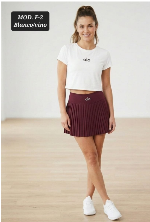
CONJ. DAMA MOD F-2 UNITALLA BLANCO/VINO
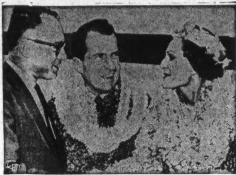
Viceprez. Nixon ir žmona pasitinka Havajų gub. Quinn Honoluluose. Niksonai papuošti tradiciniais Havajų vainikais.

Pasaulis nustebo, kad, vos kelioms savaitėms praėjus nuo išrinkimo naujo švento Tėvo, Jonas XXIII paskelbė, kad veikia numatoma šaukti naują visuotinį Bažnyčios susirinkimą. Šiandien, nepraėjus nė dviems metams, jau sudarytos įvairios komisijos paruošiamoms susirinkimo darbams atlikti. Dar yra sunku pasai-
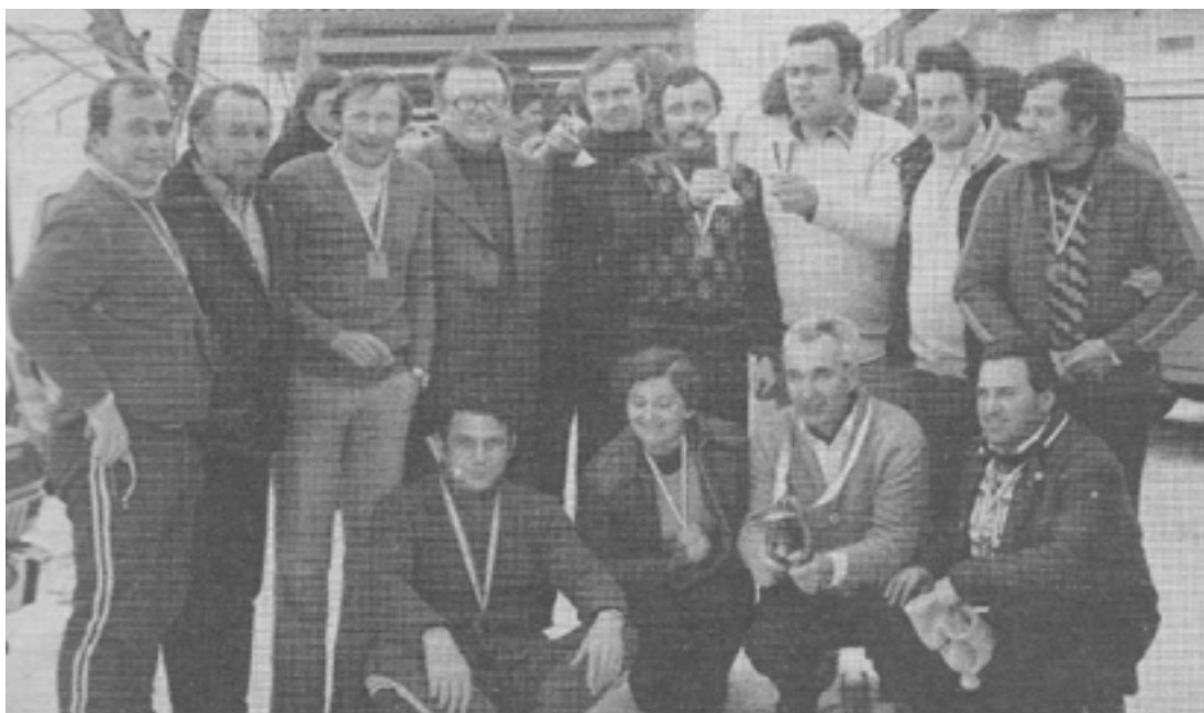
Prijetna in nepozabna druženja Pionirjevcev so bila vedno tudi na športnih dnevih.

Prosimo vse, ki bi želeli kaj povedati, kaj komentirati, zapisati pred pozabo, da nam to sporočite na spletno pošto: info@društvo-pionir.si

== == ==

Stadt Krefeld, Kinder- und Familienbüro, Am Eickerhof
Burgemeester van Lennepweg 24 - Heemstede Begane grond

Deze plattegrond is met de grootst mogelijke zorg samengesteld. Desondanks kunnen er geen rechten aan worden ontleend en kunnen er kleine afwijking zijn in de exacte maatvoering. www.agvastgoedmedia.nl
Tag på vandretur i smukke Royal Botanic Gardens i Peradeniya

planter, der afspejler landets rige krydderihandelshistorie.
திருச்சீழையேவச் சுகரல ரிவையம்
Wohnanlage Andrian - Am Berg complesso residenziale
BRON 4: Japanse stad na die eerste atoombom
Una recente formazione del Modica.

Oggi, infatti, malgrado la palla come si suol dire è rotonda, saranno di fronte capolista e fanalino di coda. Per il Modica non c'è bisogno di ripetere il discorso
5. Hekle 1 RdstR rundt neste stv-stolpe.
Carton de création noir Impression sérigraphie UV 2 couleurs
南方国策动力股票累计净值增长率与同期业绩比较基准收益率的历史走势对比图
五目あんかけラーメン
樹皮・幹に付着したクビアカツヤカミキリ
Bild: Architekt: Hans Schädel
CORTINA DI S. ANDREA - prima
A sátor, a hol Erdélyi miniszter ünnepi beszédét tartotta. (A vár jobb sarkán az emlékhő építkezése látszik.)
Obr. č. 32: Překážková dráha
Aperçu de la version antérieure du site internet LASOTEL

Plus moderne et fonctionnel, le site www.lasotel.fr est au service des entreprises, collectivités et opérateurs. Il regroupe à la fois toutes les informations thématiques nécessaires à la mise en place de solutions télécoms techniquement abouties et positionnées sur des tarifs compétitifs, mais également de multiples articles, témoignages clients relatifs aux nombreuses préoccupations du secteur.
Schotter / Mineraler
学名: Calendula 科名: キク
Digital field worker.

== == ==

■ **Task requirements**
Look through the data above and return exactly the lines from the one that contains "Schotter / Mineraler" to the one that contains "Digital field worker.", inclusive, with nothing else.

■ **Task answer**
Schotter / Mineraler
学名: Calendula 科名: キク
Digital field worker.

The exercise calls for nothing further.